Statement of Edmund G. Brown Jr.
California Attorney General
Before the Senate Environment and Public Works Committee
Subcommittee on Clean Air and Nuclear Safety
May 22, 2007
Madam Chairperson and Members of the Committee, I appreciate the opportunity to testify before you today. I’m here to talk about California’s waiver petition now pending before U.S. Environmental Protection Agency. That petition seeks a waiver of federal preemption of regulations approved by California’s Air Resources Board to reduce greenhouse gas emissions from motor vehicles.
The Air Resources Board approved these regulations more than 2 1/2 years ago. California has been ready to go, ready to tackle one of the most significant sources of greenhouse gas emission in my State and in the nation. California takes NASA’s Jim Hansen seriously when he says that we have, at most, ten years to drastically change our emissions levels or risk passing a “tipping point” where we won’t have any control over the resulting environmental catastrophe.
As the Committee is undoubtedly aware, California’s regulations have been stymied. As soon as they were adopted, the auto industry, instead of taking responsibility for its substantial share of the problem, immediately sued the Air Resources Board. And U.S. EPA, the agency that would most logically take the lead at the federal level to address global warming, instead decided that greenhouse gases weren’t pollutants under the Clean Air Act. EPA’s interpretation was, not surprisingly, enthusiastically endorsed by the auto industry.

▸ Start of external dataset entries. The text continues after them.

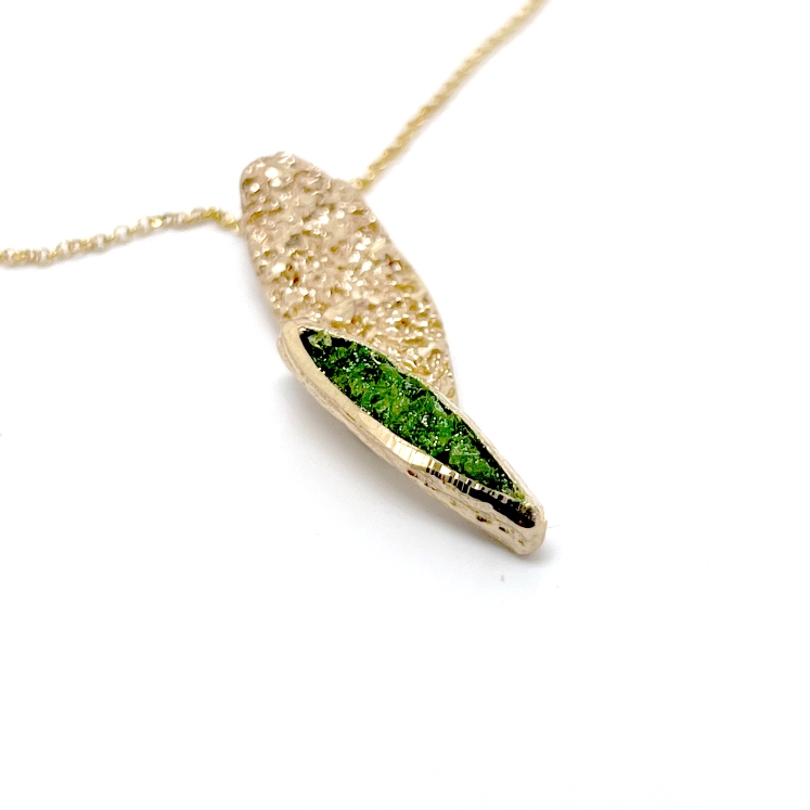 Κολιέ Sand K17 Geode από το εργαστήριο της Tina Kotsoni. Χειροποίητο κολιέ από ορείχαλκο με χρωματιστή πατίνα, ακατέργαστους κρυστάλλους και αλυσίδα από stainlees steel. Δουλεμένο με την τεχνική του διαμανταρίσματος που προσδίδει στο μέταλλο την απόλυτη λάμψη.
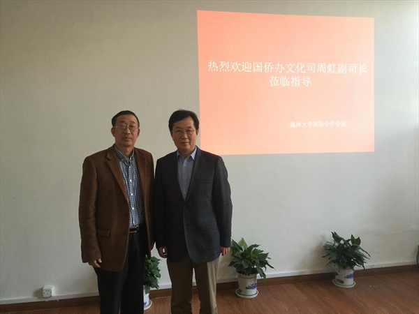 严晓鹏院长向周虹副司长介绍了买球官网作为国侨办华文教育基地,近十年来积极开展华文教育实践与研究的工作情况,具体介绍了“寻根之旅”海外华裔青少年夏令营、优秀华裔青年营、海外华文教师培训班和华侨生学历教育的办学经验和成果,以及开展华文教育研究和世界温州人研究情况。此外,买球官网还一直与海外华文学校和华文教师保持密切联系,积极捐赠汉语教材,关心华文教师的在海外的工作和生活,并为华校和华文教师提供各种后续咨询、服务等实实在在的帮助。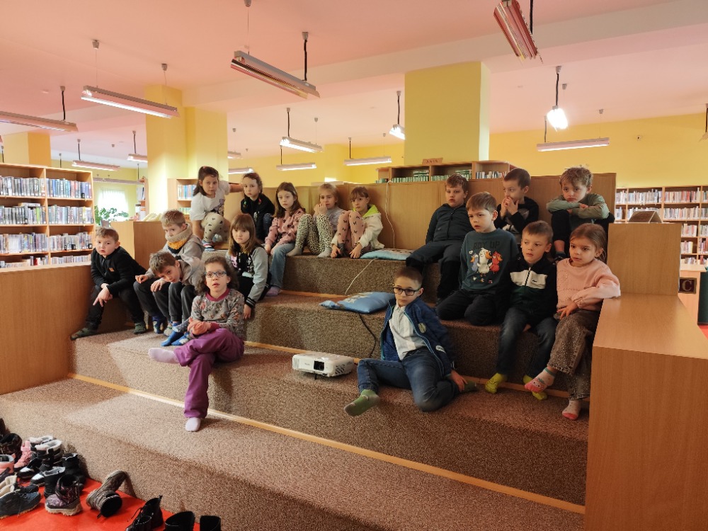 Dne 23.2.2026 jsme se vydali do nedaleké knihovny v Heřmanově Městci. Knížky máme moc rádi, a tak jsme se těšili, že se dozvíme nové věci. Po příchodu jsme se posadili na schody a paní z knihovny si s námi povídali.
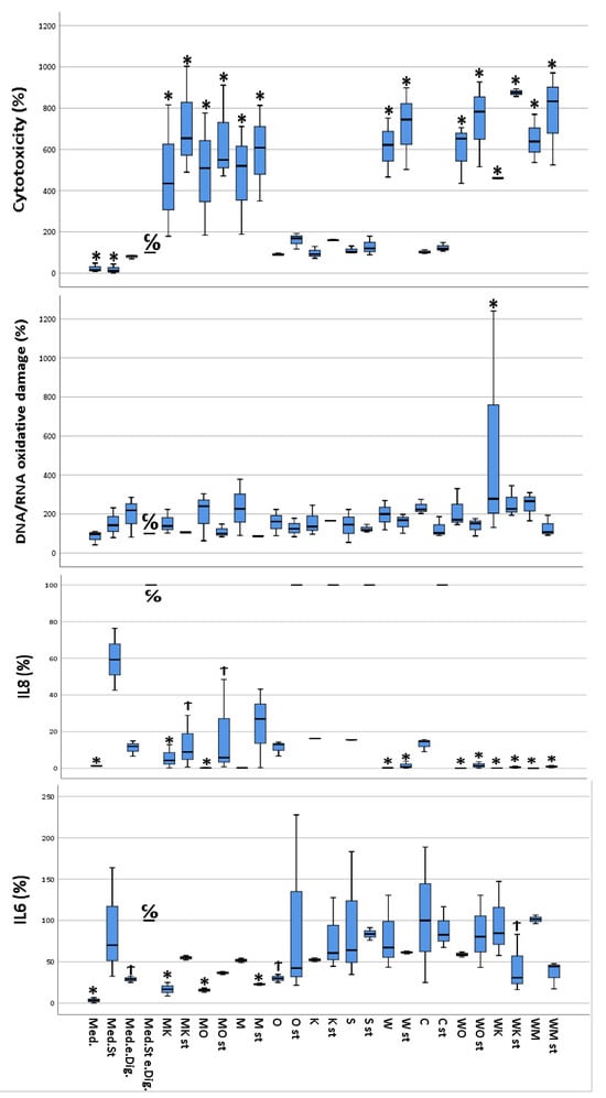 Multivariate analysis using Dunnett’s test comparing cytotoxicity, DNA/RNA oxidative damage, and inflammatory activity (IL-6 and IL-8) of selected food items and their combinations following simulated gastro-intestinal digestion in differentiated Caco-2 cell monolayers. IL-6 and IL-8 were measured in the cellular supernatants, DNA/RNA in the lysed cells, and cytotoxicity as described in materials and methods. All values were measured following the lysis of Caco-2 cells. All values are expressed as percentages compared to their controls (medium plus stimuli and “empty digesta” (digesta without any food item). Abbreviations: med = medium (blank); med.st. = medium + stimuli; med.e.dig = medium + empty digesta; med.st.e.dig. = medium + stimuli + empty digesta; MK = sausage (meat) + coffee; MK st = sausage (meat) + coffee + stimuli; MO = sausage (meat) + orange juice; MO st = sausage (meat) + orange juice + stimuli; M = sausage (meat); M st = sausage (meat) + stimuli; O = orange juice; O st = orange juice + stimuli; K = coffee; K st = coffee + stimuli; S = soda; S st = soda + stimuli; W = white chocolate; W st = white chocolate + stimuli; C = curcumin; C st = curcumin + stimuli; WO = white chocolate + orange juice; WO st = white chocolate + orange juice + stimuli; WK = white chocolate + coffee; WK st = white chocolate + coffee + stimuli; WM = white chocolate + sausage (meat); WM st = white chocolate + sausage (meat) + stimuli. C/O = control group; Ϯ = trend (0.05 > p-value > 0.1); * The mean difference was significant at the 0.05 level (Dunnett’s post hoc test). Tests of between-subject effects were statistically significant except for DNA/RNA oxidative damage (p = 0.089).

EPA’s reading of the Clean Air Act was ridiculous, ignoring the plain text of the statute. But it’s typical of the “head-in-the-sand” approach that this Administration has taken on issues related to climate change. This Administration has too long hidden behind a “wait and see approach” as an excuse to do nothing. California isn’t willing to “wait and see” if the sea level will rise by 1 foot or ten, or if the Sierra snow pack will shrink by 10% or 50% or more. California will take action today, even as this Administration shirks its responsibility.
The Supreme Court has now flatly rejected U.S. EPA’s creative interpretation of the Clean Air Act designed to tie the agency’s hands. This is the right result. But it’s unfortunate that the EPA’s irresponsible reading of the Act has cost California and this country precious time in the fight against global warming.
California must now ask this same agency for a waiver of federal preemption. The Supreme Court in Massachusetts v. EPA has given the EPA a mandate to respond to the climate change crisis immediately – not tomorrow, not next week or next year. If the EPA in this Administration is not going to lead, it must step out of the way to allow California to continue its pioneering effort in the area of vehicle emissions controls.
If EPA follows the law, there’s no question that it must grant California’s waiver. The courts and EPA have liberally construed the waiver provision to permit California to proceed with its own regulatory program in accordance with the intent of the Clean Air Act. There’s no basis for EPA to deviate from its consistent findings in proceeding after proceeding that “compelling and extraordinary conditions” exist to justify California’s continued need for its own mobile source program.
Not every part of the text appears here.